Reading through your initial comments I see you’ve not read/followed/understood the Prerequisites & Configuration & Standing Up section of the readme which states that you need to set your “MQTT server’s IP/Host Name, Port, Credentials, HA topic, and name of the Inverter that you want displayed in Home Assistant” - So for anyone else with issues, please carefully read the readme before posting questions on the forum/github issues that are already covered in the readme.
Best of luck with your setup, at this stage I’d suggest you look at your logs in your failed container in Portainer and go from there, chances are you’ll need to double check your configuration and also that the image you’re pulling supports the architecture if your device (There’s multiple architectures that have been built on docker hub).

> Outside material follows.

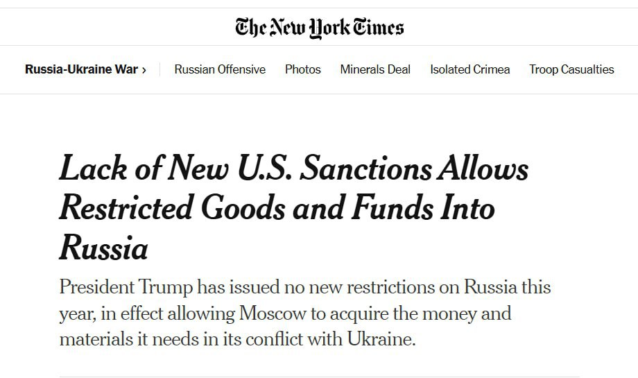 Подаци показују да предсједник Трамп ове године није увео ниједну нову мјеру против Руске Федерације, што практично омогућава Москви да набавља новац и материјале потребне за наставак сукоба у Украјини.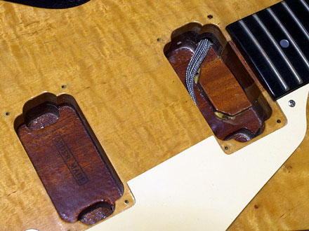 このギターはオーダーメードによる製作で、その証拠としてリア・ピックアップ・キャビティに「ORDER MADE」のスタンプが入れられています。私が入手したとき既に改造があり、ギブソン・ハムバッカー(HB−R/HB−T)を搭載していました。木部の掘削やネック・ジョイントについては、1985年当時の標準型と判断しています。画像ではフロント・トーンのノブを使ってプッシュ/プッシュで同時タップとなっていますが現在は回路をシンプルな構成に戻し、ベストマッチのピックアップを模索中です。

Lastly, if you’re using Portainer you won’t need watchtower since Portainer has the ability to ‘auto update’ containers when new releases are pushed to docker-hub… The docker-compose file that’s included on github is “lightweight & simple” so it can be easily deployed onto “lightweight” SBC devices in the field … I’d advise any users running this solution on “slow/low-end” devices to do without a container orchestration tool (Such as Swarm, Portainer, Kubernetes etc) since you’re probably only going to be a handful of containers on the device, and all these extra ‘tools’ will just slow down the SBC.
Note that if you’re plugging a regular computer into the inverter then you’ll probably be fine running everything with some sort of container orchestration tool - but this goes beyond the context of the setup guidelines outlined on the project’s github page.